Votre coup de gueule contre les dépôts sauvages a fait grand bruit. Tout comme votre campagne d’affichage « coup de poing… » Était-ce le seul moyen de limiter ce fléau ?

« Les dépôts sauvages représentent, vous avez raison, un fléau national. On a tout essayé : la sensibilisation, la communication. Nous ne sommes pas la ville la plus touchée mais c’est toujours exaspérant de voir des personnes qui manquent de civisme et qui n’utilisent pas les services gratuits des encombrants ou de la déchetterie. Après avoir tout essayé, j’ai pointé du doigt les mauvais comportements et j’ai appelé à la participation citoyenne, ce qui n’est pas de la délation. Nous sommes tous censés signaler aux autorités une infraction quand nous sommes témoins. A partir du moment où il n’y a pas de sentiment d’impunité et que les contrevenants savent qu’ils risquent une lourde amende, cela fonctionne. L’engagement et le civisme sont les grandes causes de mon mandat. Il faut parfois passer à la répression, c’est parfaitement compris et le laxisme, ça suffit ! »

Quels sont les grands projets pour l’année prochaine ?

« En parallèle à la poursuite des travaux de l’école Buisson-Rond que j’évoquais plus en amont, nous ouvrirons un skate parc au parc de la Saussaie et nous réhabiliterons l’accueil de l’hôtel de ville.
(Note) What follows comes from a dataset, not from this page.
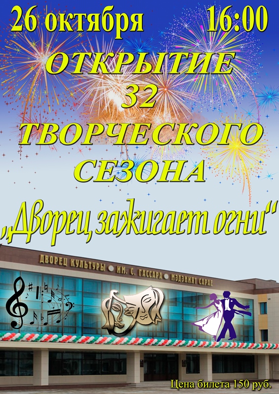 26 октября в 16.00 часов ждём менделеевцев вместе «зажечь огни» Дворца Культуры им. С. Гассара. Открытие 32 творческого сезона представит собой красочный и зажигательный праздник, на котором все коллективы Дворца культуры имени С. Гассара покажут зрителям яркую программу и продемонстрируют лучшие творческие номера. Концертная программа будет насыщенна новыми и яркими номерами. Творчество коллективов настолько разнообразно, что объединившись, они составят прекрасную радугу красок вокального, танцевального и театрального искусства! Перед зрителями выступят ансамбли танцев "Шаян" и "Кристалл", народный театр им. Ашрафа Ахунова, марийский вокальный ансамбль, "Эрвел", фольклорный ансамбль "Туганайлар", ансамбль татарской песни "Талларым", ансамбль удмуртской песни "Купанча", вокальная группа "Аккорд", детская вокально-эстрадная студия "Ля-Ля-Фа" и другие артисты.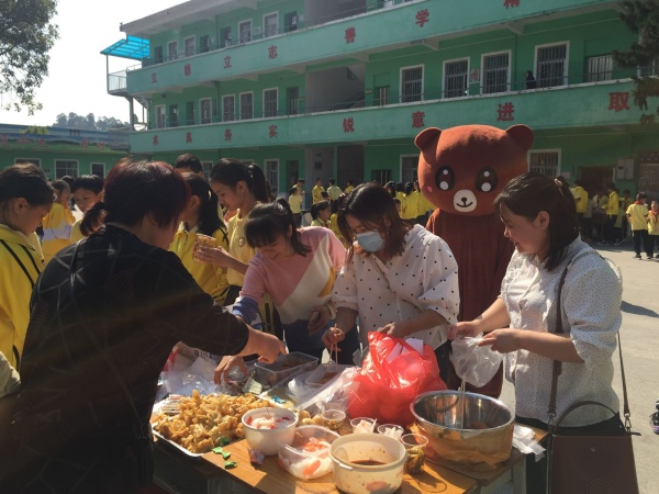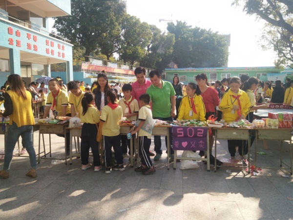 11月22日下午,華強(qiáng)學(xué)校內(nèi)操場人聲鼎沸,擠滿了學(xué)生和家長,原來是12.8義賣活動開始了。為了讓慈善文化深入孩子們的心里,學(xué)校積極動員家長,除了在班級進(jìn)行捐款活動外,還組織了深受同學(xué)們歡迎的義賣活動。各個班級的家長牽頭,帶領(lǐng)學(xué)生參與到慈善義賣中。有的孩子們將自己的玩具、二手書拿出來拍賣;有的孩子則自己制作美食出售;還有的學(xué)生現(xiàn)場DIY手工飾品,吸引力不少關(guān)注。家長們以愛之名,樂在其中,現(xiàn)場制作爆米花、糕點(diǎn)等,甚至還把“熊寶寶”請到現(xiàn)場拍照。

Nous l’isolerons, installerons une pompe à chaleur, ferons du relamping pour s’inscrire là-aussi dans la transition énergétique. Et nous en profiterons pour le moderniser, le rendre davantage accessible aux personnes à mobilité réduite… Nous accueillerons les habitants dans de bien meilleures conditions et cela participera, là aussi, à l’amélioration des conditions de travail de nos agents ».